Work item » Would you reproduce each line below exactly, leaving every picture out?

Information supplied »
[Start of Attachment]
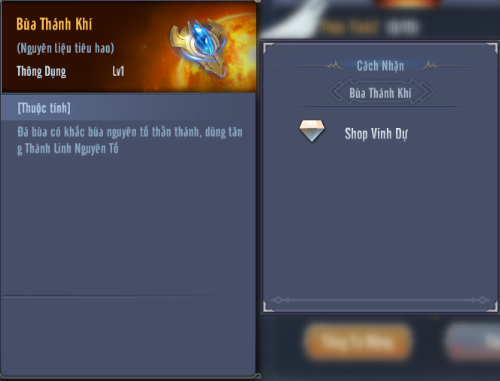 Bùa Thánh Khí: có thể sở hữu vật phẩm thông qua Shop Vinh Dự.
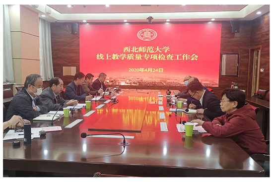 为持续加强线上教学质量监控与督导工作,提高教学质量,4月24日下午,西北师大召开线上教学质量专项检查工作会,教学质量监控处负责人主持会议,学校教学督评委员,教务处、网络安全与信息化办公室负责人参加会议。
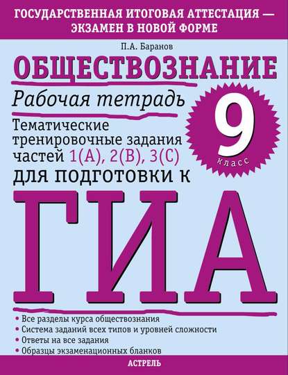 | Полное название книги | Петр Анатольевич Баранов Обществознание. Рабочая тетрадь. Тематические тренировочные задания частей 1 (А), 2 (В), 3 (С) для подготовки к ГИА. 9 класс |
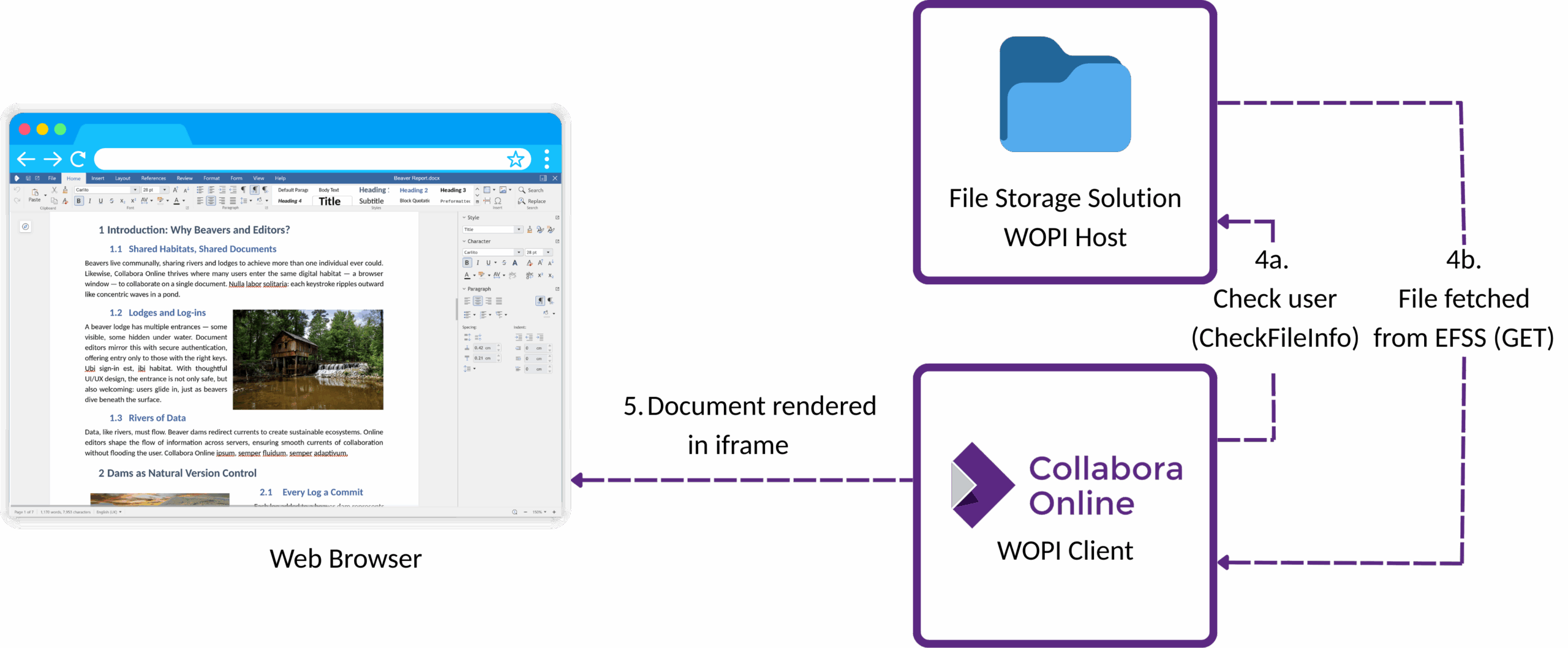 WOPI abstracts document storage from editing applications and defines standardised ways for incorporating:
[End of Attachment]
Solution to the exercise »
 Bùa Thánh Khí: có thể sở hữu vật phẩm thông qua Shop Vinh Dự.
 为持续加强线上教学质量监控与督导工作,提高教学质量,4月24日下午,西北师大召开线上教学质量专项检查工作会,教学质量监控处负责人主持会议,学校教学督评委员,教务处、网络安全与信息化办公室负责人参加会议。
 | Полное название книги | Петр Анатольевич Баранов Обществознание. Рабочая тетрадь. Тематические тренировочные задания частей 1 (А), 2 (В), 3 (С) для подготовки к ГИА. 9 класс |
 WOPI abstracts document storage from editing applications and defines standardised ways for incorporating:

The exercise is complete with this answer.